#### Data provided

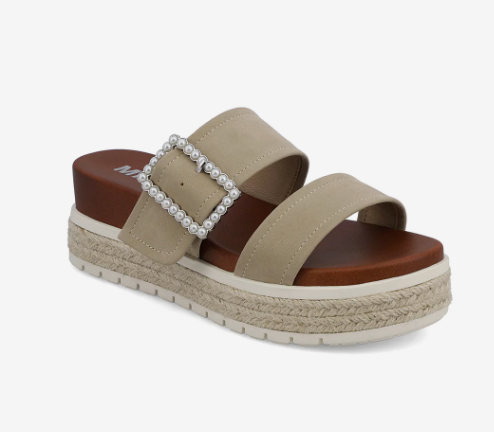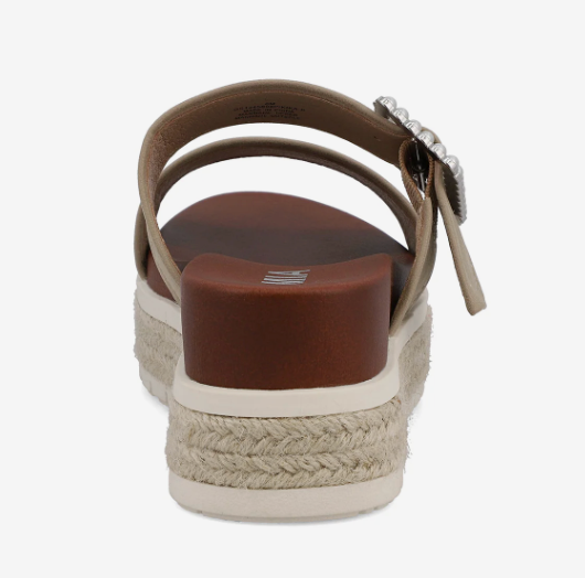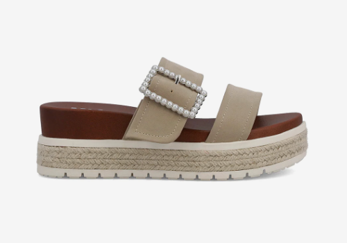 The KIKA sandal is made of vegan leather material and crafted with double straps and a chic pearl buckle. Featuring our MIA signature footbed and finished on a 2.3-inch espadrille platform.
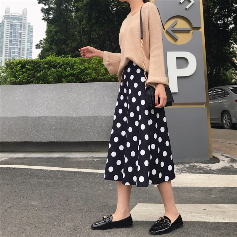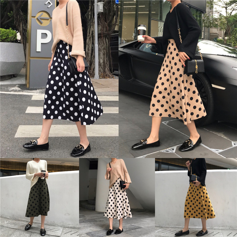 / 2018新款韓版秋冬季chic風女A字裙高腰百搭時尚中長款波點半身裙
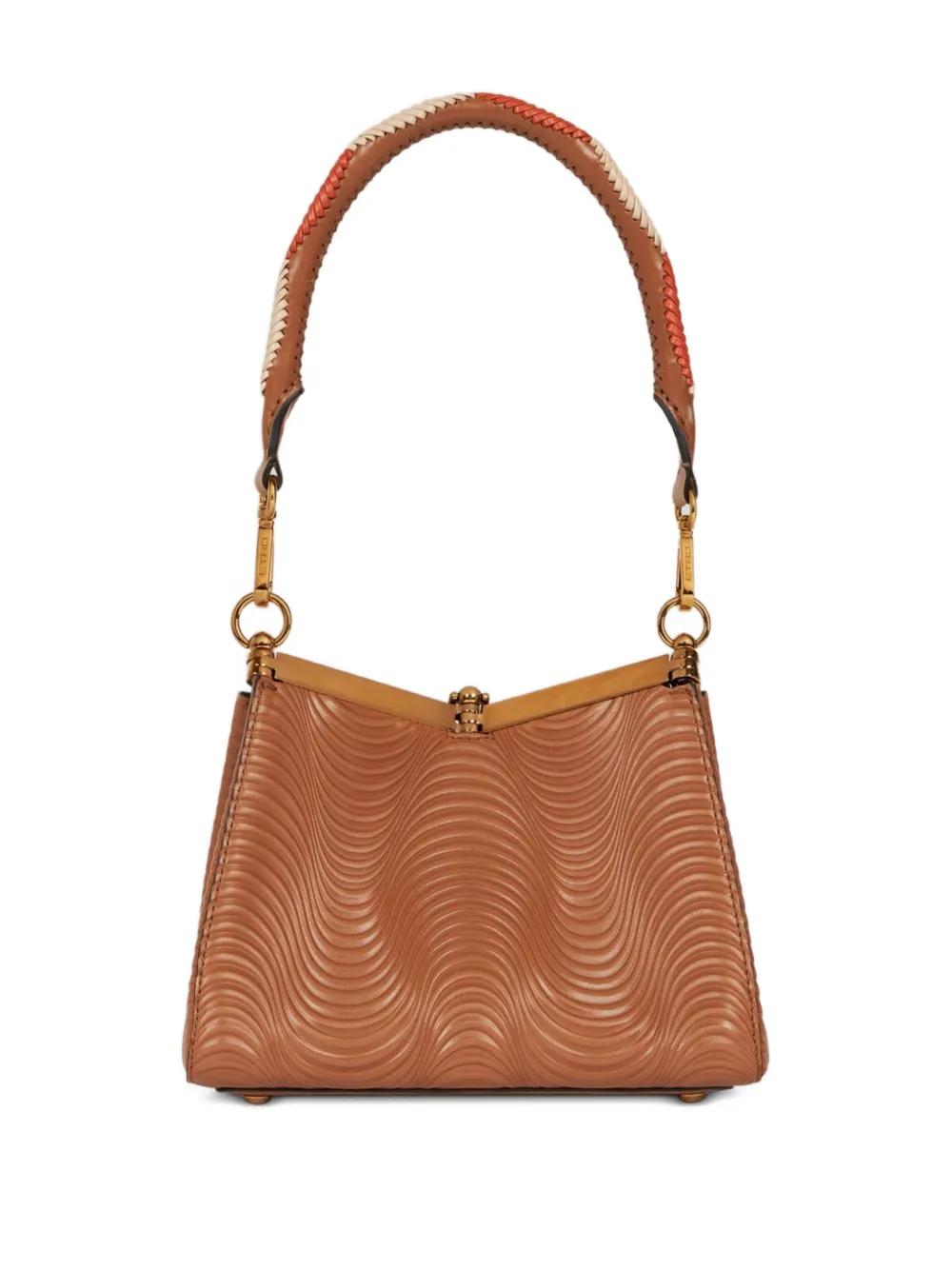 caramel brown clasp fastening single detachable top handle detachable shoulder strap logo charm
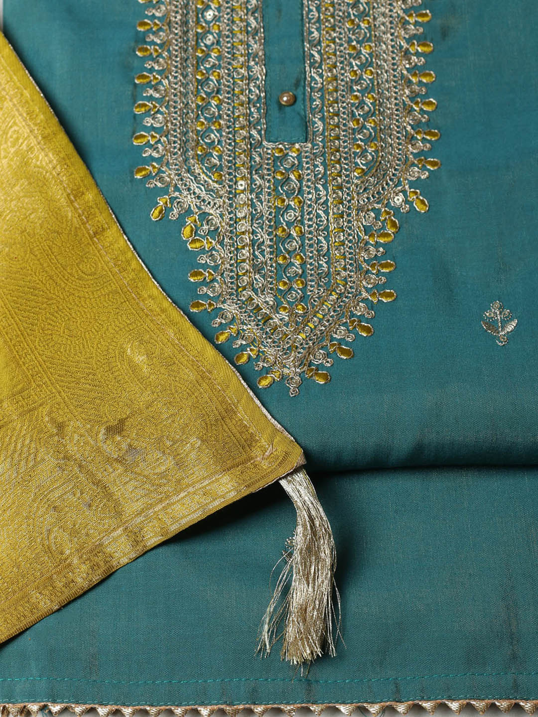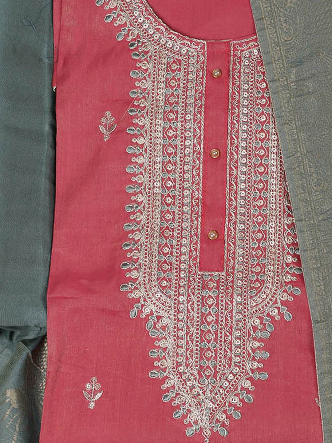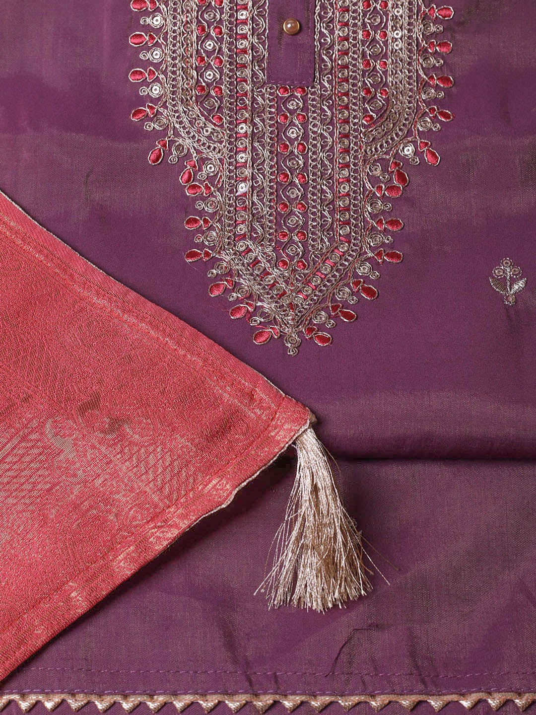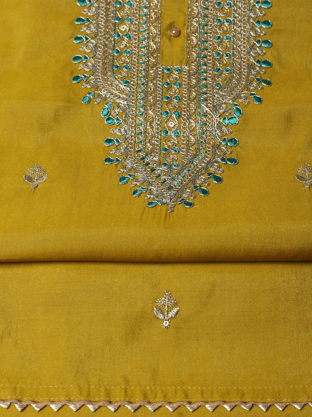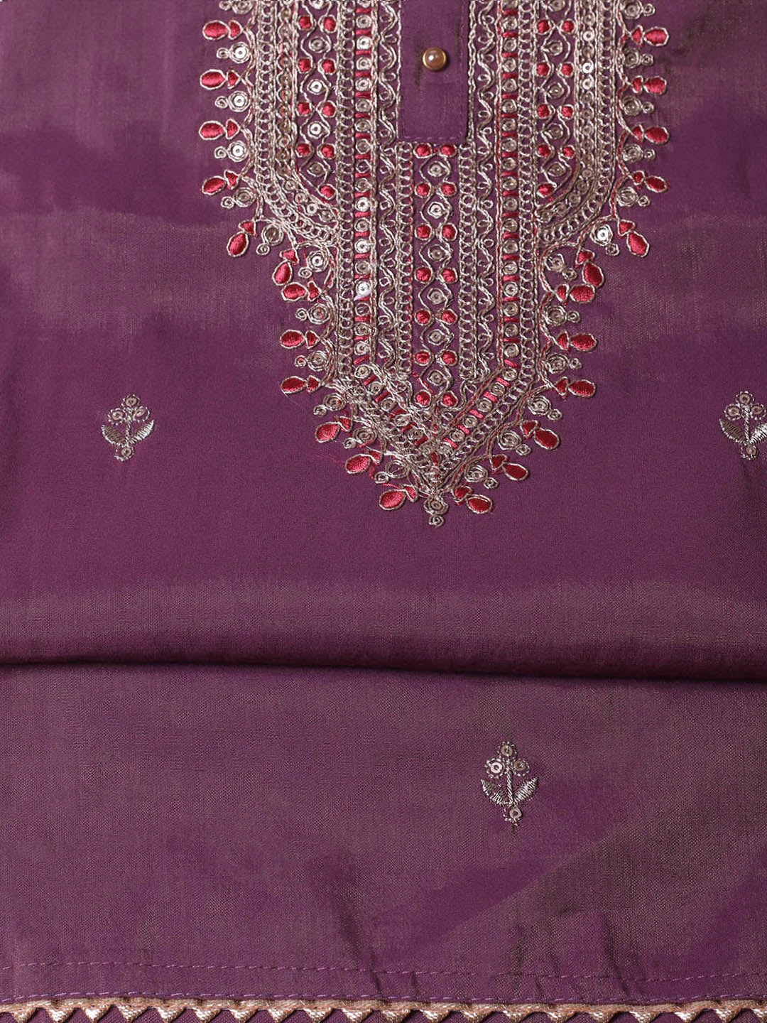 Embroidered Chanderi Unstitched Suit With Pant & Dupatta

########

▸ **Aim of the exercise**: Copy nothing but the lines above from the one with "caramel brown clasp" through the end of the material, word for word, and drop the pictures.

▸ **Task response**:
 caramel brown clasp fastening single detachable top handle detachable shoulder strap logo charm
 Embroidered Chanderi Unstitched Suit With Pant & Dupatta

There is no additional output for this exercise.